4.17.2011

White Chili


White Chili.  AKA mexican or summertime chili.  This has been one of our favorite dishes of all time.  I don't really adhere to the unwritten rule of not eating soup or chili unless its cold outside.  Why limit food options according to the weather?  I'm not a fan of not having delicious soups and stews available to me just because it is hot outside.  Take Panera Bread for example.  They have an amazingly delicious and creamy tomato soup.  When is it available?  Only in the fall and winter.  Boo.  In our house, I make whatever I/we feel like eating, no matter of the weather.  I guess this chili could be an exception though, because rather than it being thick, heavy and creamy, it is light and spicy with a hint of lime.

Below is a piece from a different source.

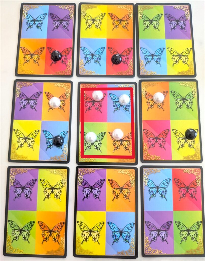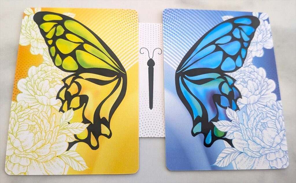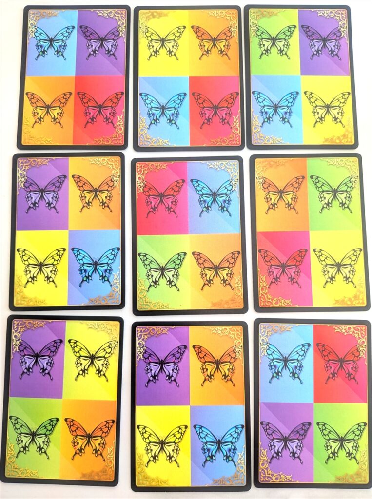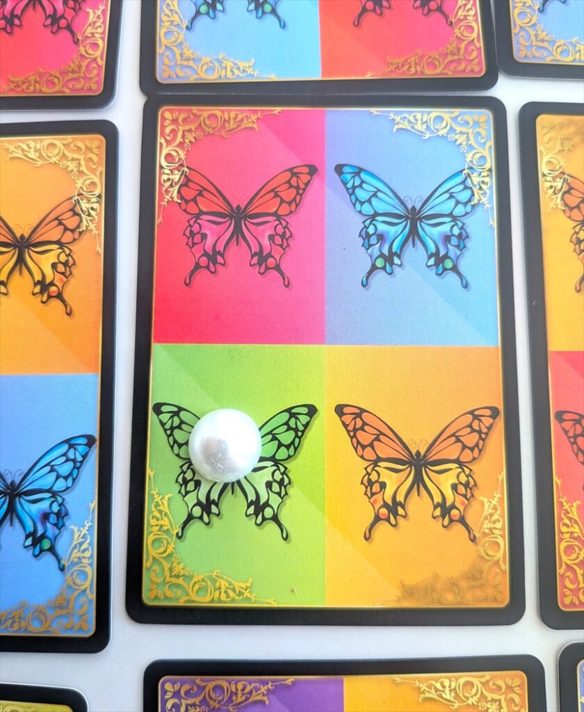 獲得した2枚の羽カードを使い、同じ色の羽カードが両翼で揃えば、見事に蝶々の完成です。

I also made some cornbread to go with it.  Mexican cornbread to stick with the chili/spicy theme.  The cornbread turned out better than I thought it was going to.  It was sweet and spicy and moist, with bits of corn, chipotle and jalapeno peppers in it.  Not to mention the butter and cheeses.  Can't ever go wrong with butter and cheese.


White Chili
1 lb chicken, cooked and shredded
1medium onion, chopped
3 Jalapenos, minced 
4 garlic cloves, minced
3 tbsp olive oil
3 cans (14 oz) chicken broth
3 cans white navy beans
2 teaspoons oregano
2 teaspoons chili powder (adjust to your spiciness liking)
3 Tbsp lime juice (juice from about 3 or 4 limes)
salt and pepper

Heat up oil in a large pot over medium high heat.  Add the onions and garlic and saute until softened, about 10 mins.  Add in the jalapenos, chicken, and chicken broth, and bring to a boil.  Once boiling, turn heat down to low.  Add in the beans, oregano, and chili powder.  Simmer for about 30 mins.  Add in the lime juice and salt and pepper to taste.

Toppings for the chili:  Monterey Jack or Pepper Jack cheese.  Sour cream.  Salsa.  Guacamole.  All of the above.

Mexican Cornbread

1 cup butter, melted
1 cup sugar
4 eggs
1 can cream style corn
1-2 jalapeno peppers, minced
1-2 chipotle peppers, minced
1/2 cup monterey jack cheese, shredded
1/2 cup cheddar cheese, shredded
1 cup flour
1 cup yellow cornmeal
4 tsp baking powder
1/4 tsp salt

Grease or butter a casserole dish.  Preheat oven to 300.  With a mixer, beat together butter and sugar.  Beat in eggs one at a time.  Blend in creamed corn, jalapeno and chipotle peppers, and both cheeses.  In a separate bowl, mix together the flour, cornmeal, baking powder and salt.  Add this mixture to the corn/pepper/cheese mixture and stir until smooth.  Pour into prepared pan.  Bake for about 1 hour, until a toothpick inserted into the middle of the pan comes out clean.    

1 comment:

  1. Oh, heck yea! Love me some white chili, and cornbread is amazing. Thanks for the post. Hope you and the babies are doing well.